Imagine sitting at the bottom of the deep end of a swimming pool. If you’ve ever dove down with outstretched fingers trying to touch the bottom, you’re probably familiar with the trampling sensation caused by the tension of the water. Now imagine that feeling surrounding you. The water holding back for the moment, but threatening to crush your body—and you know it could. It keeps you in place until you simply can’t take it anymore. Urgency sets in as you make the decision to swim up to the surface before even moving a muscle. The air starts to leave your lungs as you flail your arms and legs. Time’s running out. You look up at the surface, and in that moment, you’ve never wanted anything more than to take a breath of fresh air. Relief, however, is short-lived as reaching the surface brings you face to face with Yves Tumor, one of the most enigmatic and intriguing musical talents of our time. Close enough to kiss, or bite, you make ecstatic eye contact before guitarist Chris Greatti plays another riff that sends shockwaves through your body and the surrounding water, and you’re swallowed once again.

Though an uncomfortable experience, I knew what I was getting into. Yves Tumor’s music has always questioned and pushed the limits of noise, melody and rhythm. Their most recent release, The Asymptotical World EP co-produced with Greatti, is an excellent follow-up to last year’s Heaven to a Tortured Mind. Both those works’ tracks benefit from Tumor’s inventive use of sound and beautifully destructive lyricism (“Carry me away into your spirit / I can’t live my own troubles / I’ve got nothing left to fear but the wilderness”). The EP’s singles, “Jackie” and “Crushed Velvet,” are perhaps Tumor’s most approachable songs yet, though both retain the metamorphic quality that has kept both fans and critics unable to define the music’s genre, direction, or even the singer’s desires.

This ambiguous tendency has worked in the artist’s favor. At the front of the crowd, I came within kissing distance of both Tumor and Greatti multiple times. Unlike Greatti, who seemed to thrive off the ebbing and flowing of the guitar throwing us into a frenzy of excitement and desire, I was constantly questioning what exactly Tumor wanted from me. At times, they leaned forward and interlocked fingers with the hands extending out of the mosh pit. I was able to make out the hard outlines of their bejeweled glove, custom made by New York designer CJ Aslan, milliseconds before they pulled away. The sight of them right above me referenced the cover of 2018’s Safe in the Hands of Love, whose visual significance had admittedly escaped me until that moment. As if parodying a moment of holy rapture, they pulled away as I fell back into the crowd. This contradiction was most apparent during the performance of “Secrecy Is Incredibly Important to the Both of Them” from Asymptotical World. Bringing the crowd in close, Tumor begged to talk, to look each other in the eye, but then spurned us, asking bitterly, “How can I miss you if you won’t go away?”

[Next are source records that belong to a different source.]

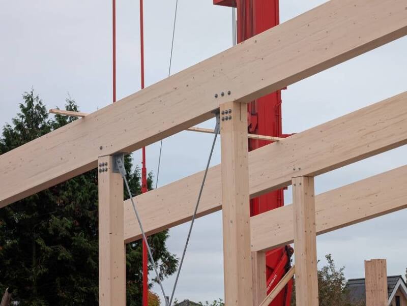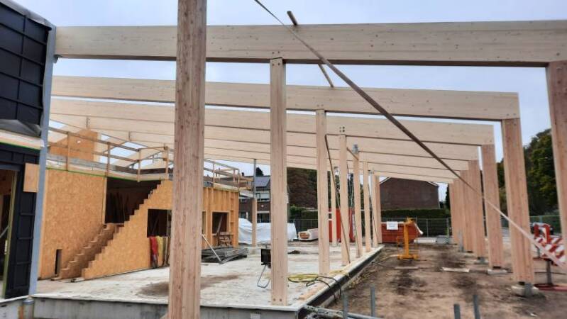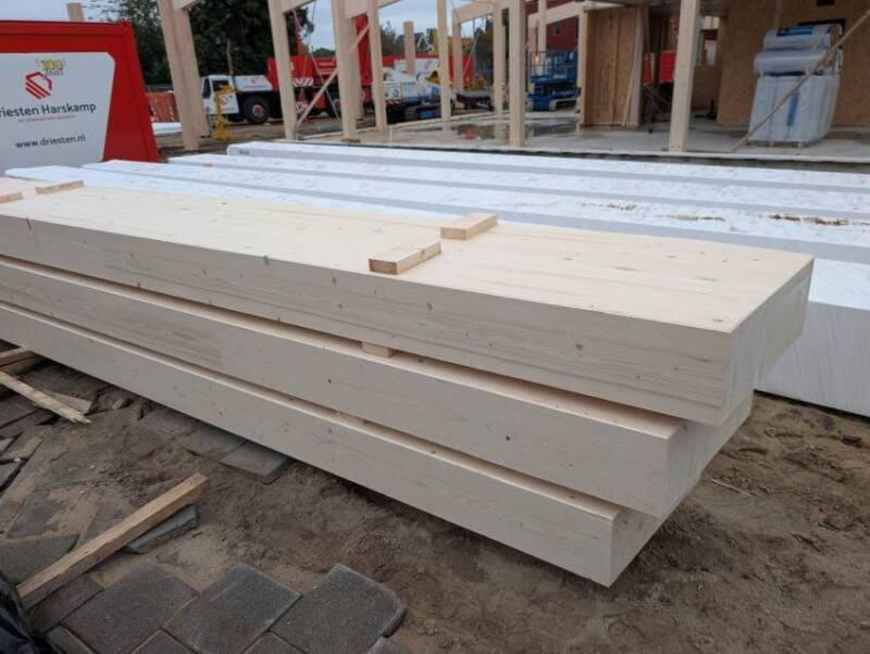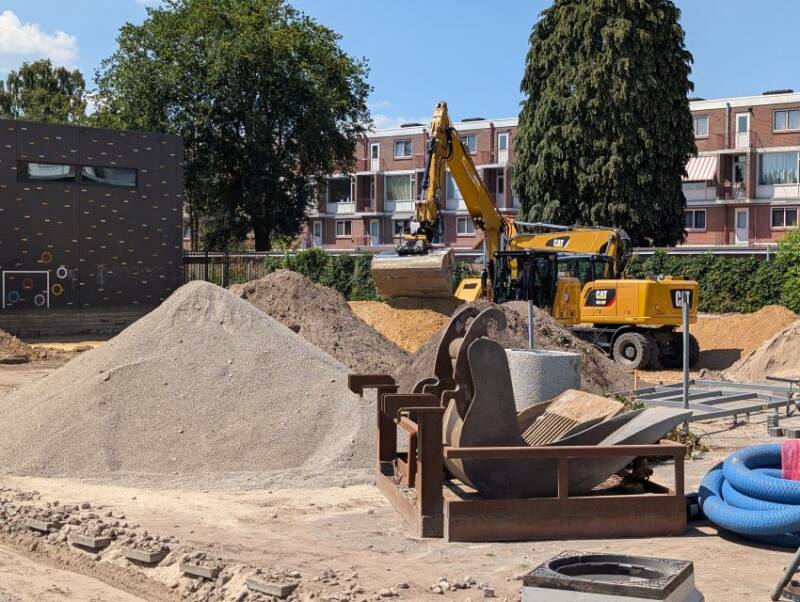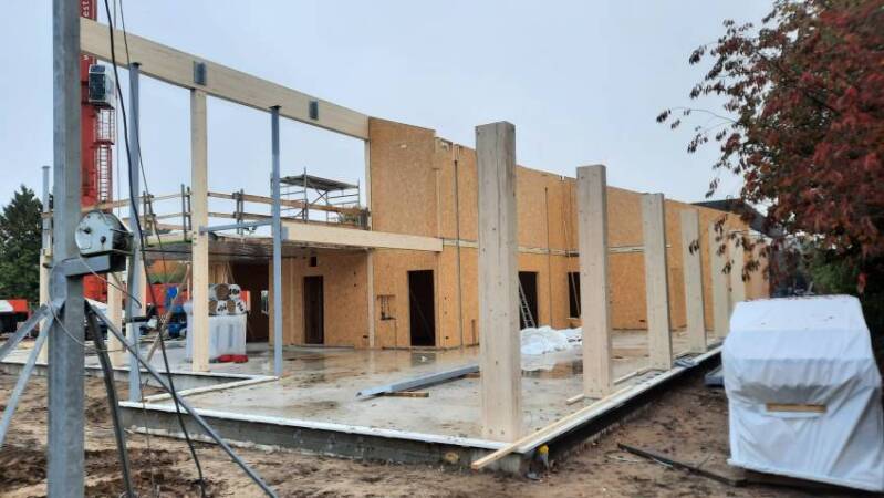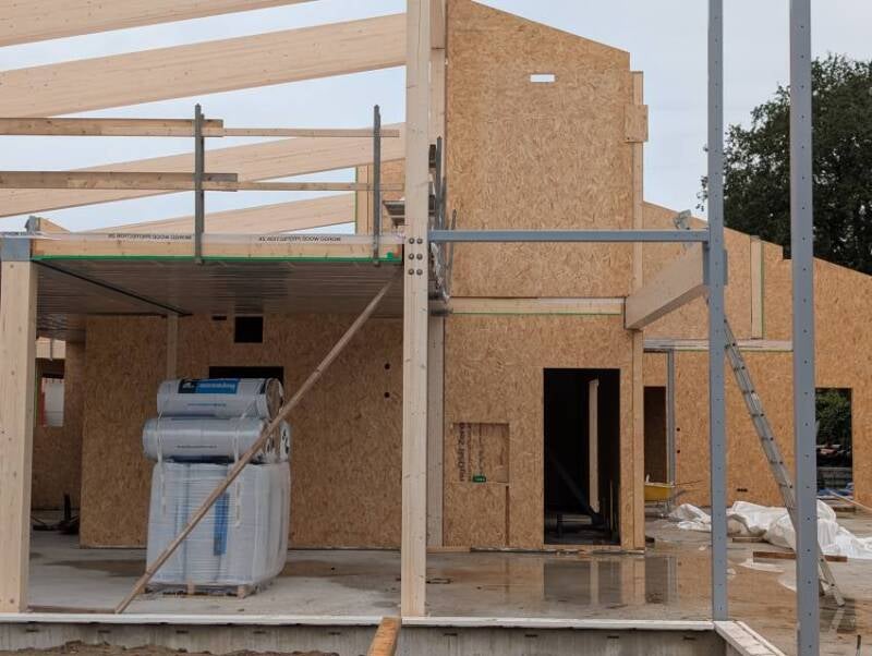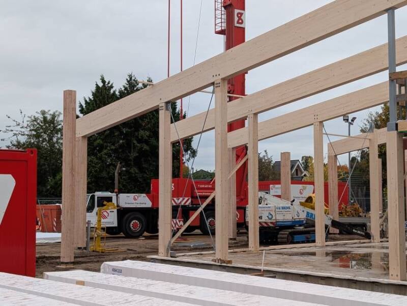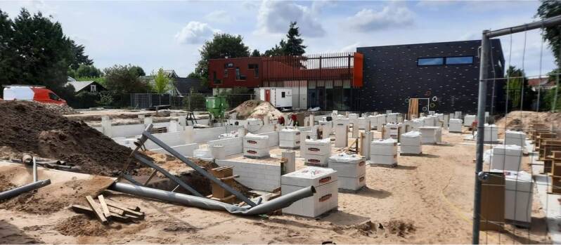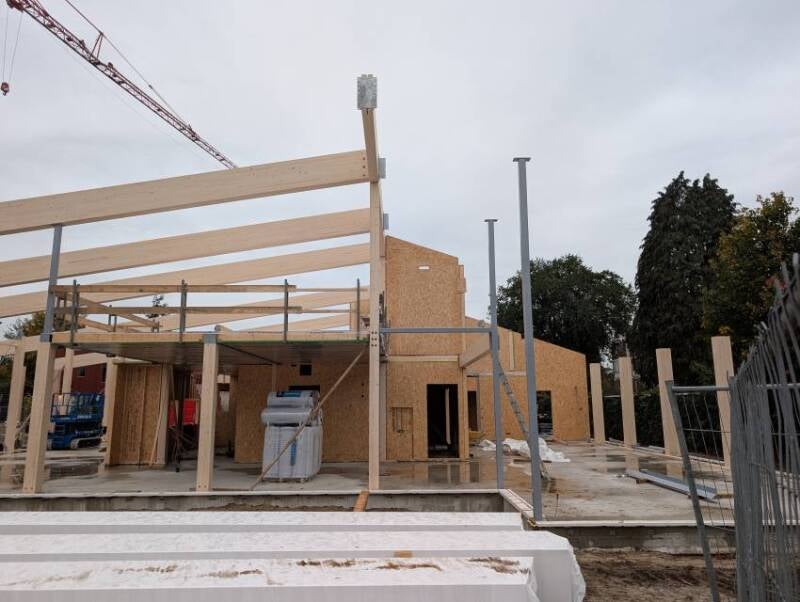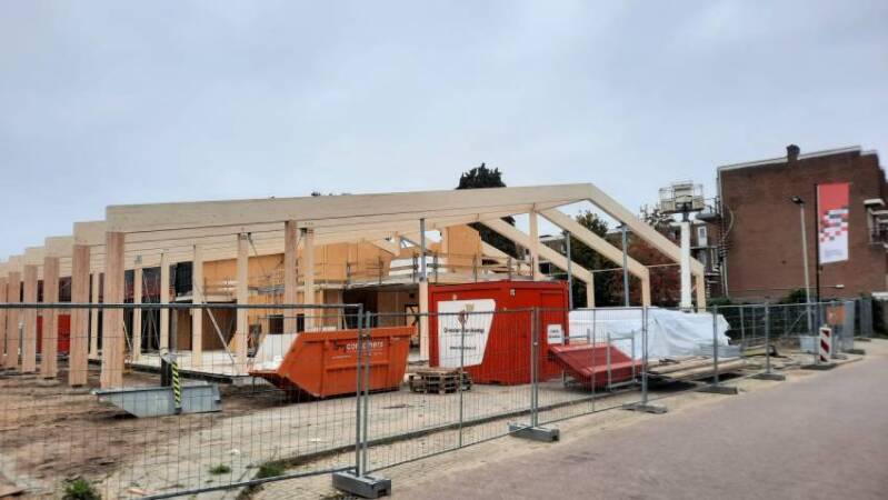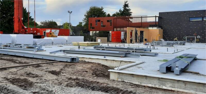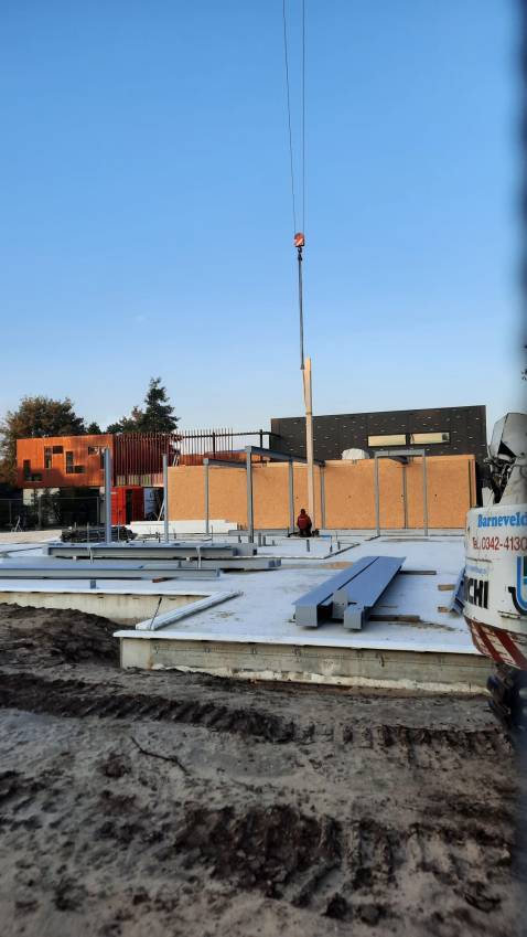 Situatie: 25 september 2025 | Foto's: Nick Engelman. Achteraan is te zien hoe het gebouw prefab gaat worden opgebouwd. Op de voorgrond metalen balken voor het skelet van het gebouw.
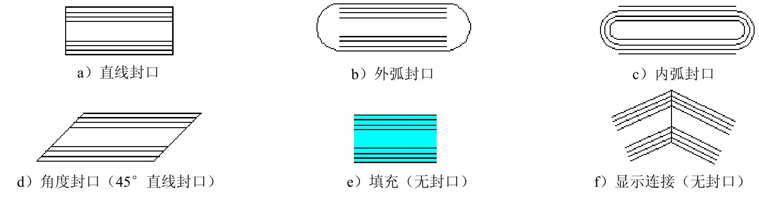 区域:可使用该区域中的选项,对多线样式设置不同的封口样式。
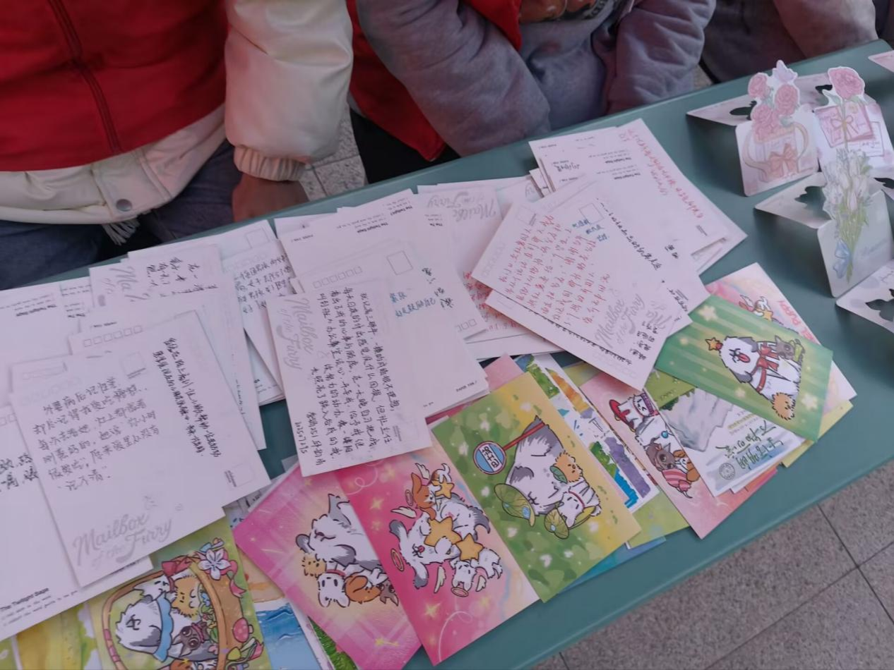 “感恩‘星’故事交换”板块,同学们在精心设计的明信片上,记录下生活中那些曾照亮自己的“星星时刻”。随后,志愿者们收集这些承载着真实故事的明信片,并为分享者送上一份象征快乐回馈的星星小玩具。整个过程不仅是情感的分享,更是一次温暖的循环与传递。

Yves Tumor’s music and performance are characterized by tension. The music turns in on itself, rearranges and becomes something entirely new. Its relationship with genre and melody are two of the most pronounced venues of interaction. Songs such as “…And Loyalty is a Nuisance Child” and “Noid” embrace noise as a way to destabilize experience; the drone of feedback resembled the guttural screams from the audience (some of which came from my own mouth). And just as the band appeared, they vanished into the cloud of smoke, leaving those of us in the crowd wondering how much of our experience was real, and how much was imagined.